§ Task description: Reproduce the whole listing word for word. Leave every image out.

§ Data excerpt:
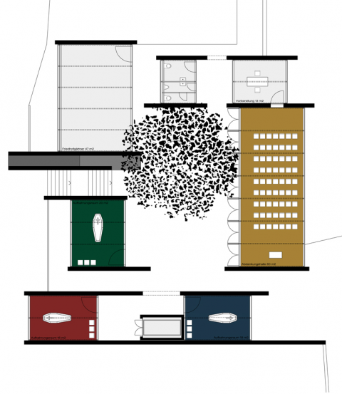 Der Weg als Lebensweg, wo Lebensabschnitte als Räume wahrgenommen und unterschiedlich farbig empfunden werden können: Jeder Raum ist mit den anderen Räumen durch Erinnerung verbunden, der Tod als gesellschaftliches Tabu, dies sind die wichtigen Themen des Entwurfs. Transluzide farbige Gläser referieren auf die Tradition der Kirchenfenster, strukturieren den Aussenraum und verweisen auf die Sinnlichkeit des Lebens. Sie filtern die Wahrnehmung und führen durch den stillen Raum des Ortes, wo das Leben ein Ende gefunden hat.
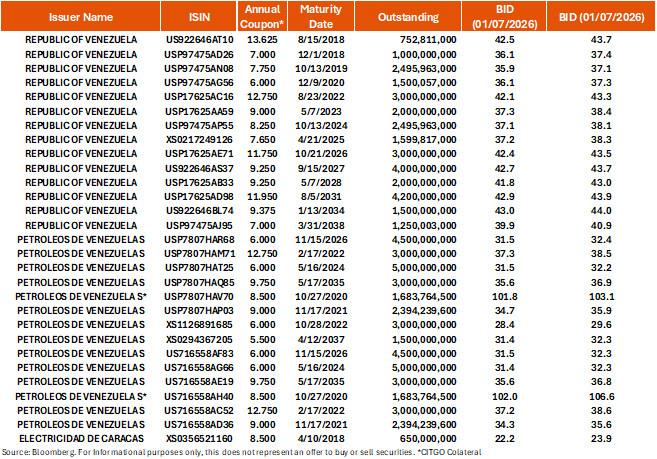 Last week’s AM Call included Amerant’s first take on situation in Venezuela. In our report, we highlighted the broad rebound in market prices for Venezuelan debt instruments: https://www.amerantbank.com/ofinterest/theamcall-01052026/ and https://www.amerantbank.com/ofinterest/es/theamcall-01052026/
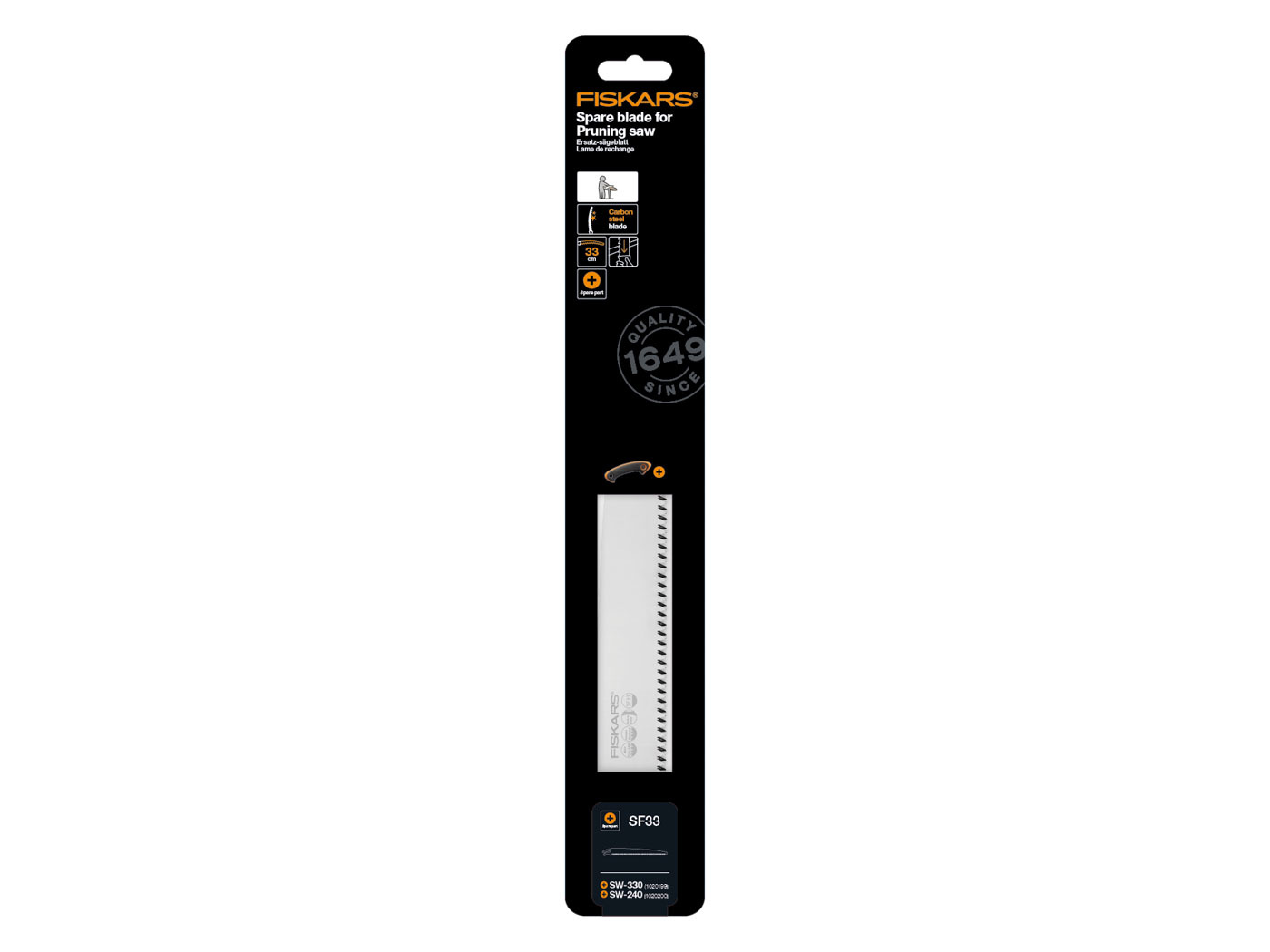 The Fiskars SF33 Saw Blade is a high-quality replacement saw blade, specifically designed for the SW 330 and SW 240 hand saws. This blade combines accuracy with durability, making it a cost-effective solution for maintaining your pruning saw.
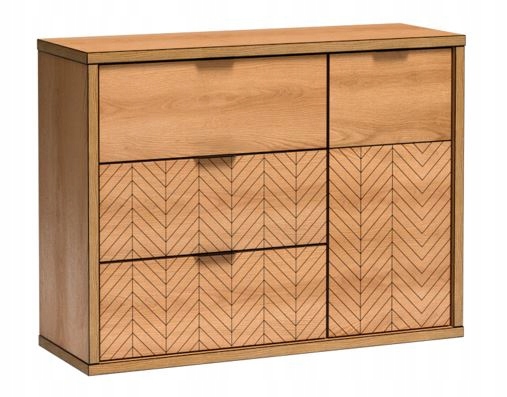 Charakterystyczne lamelowe fronty oraz hartowane szkło nadają meblowi unikalny charakter, sprawiając, że stanie się on ozdobą każdego pomieszczenia. Witryna została zaprojektowana z myślą o minimalistycznym designie, który harmonijnie wpisuje się w aktualne trendy aranżacyjne.

§ The answer:
 Der Weg als Lebensweg, wo Lebensabschnitte als Räume wahrgenommen und unterschiedlich farbig empfunden werden können: Jeder Raum ist mit den anderen Räumen durch Erinnerung verbunden, der Tod als gesellschaftliches Tabu, dies sind die wichtigen Themen des Entwurfs. Transluzide farbige Gläser referieren auf die Tradition der Kirchenfenster, strukturieren den Aussenraum und verweisen auf die Sinnlichkeit des Lebens. Sie filtern die Wahrnehmung und führen durch den stillen Raum des Ortes, wo das Leben ein Ende gefunden hat.
 Last week’s AM Call included Amerant’s first take on situation in Venezuela. In our report, we highlighted the broad rebound in market prices for Venezuelan debt instruments: https://www.amerantbank.com/ofinterest/theamcall-01052026/ and https://www.amerantbank.com/ofinterest/es/theamcall-01052026/
 The Fiskars SF33 Saw Blade is a high-quality replacement saw blade, specifically designed for the SW 330 and SW 240 hand saws. This blade combines accuracy with durability, making it a cost-effective solution for maintaining your pruning saw.
 Charakterystyczne lamelowe fronty oraz hartowane szkło nadają meblowi unikalny charakter, sprawiając, że stanie się on ozdobą każdego pomieszczenia. Witryna została zaprojektowana z myślą o minimalistycznym designie, który harmonijnie wpisuje się w aktualne trendy aranżacyjne.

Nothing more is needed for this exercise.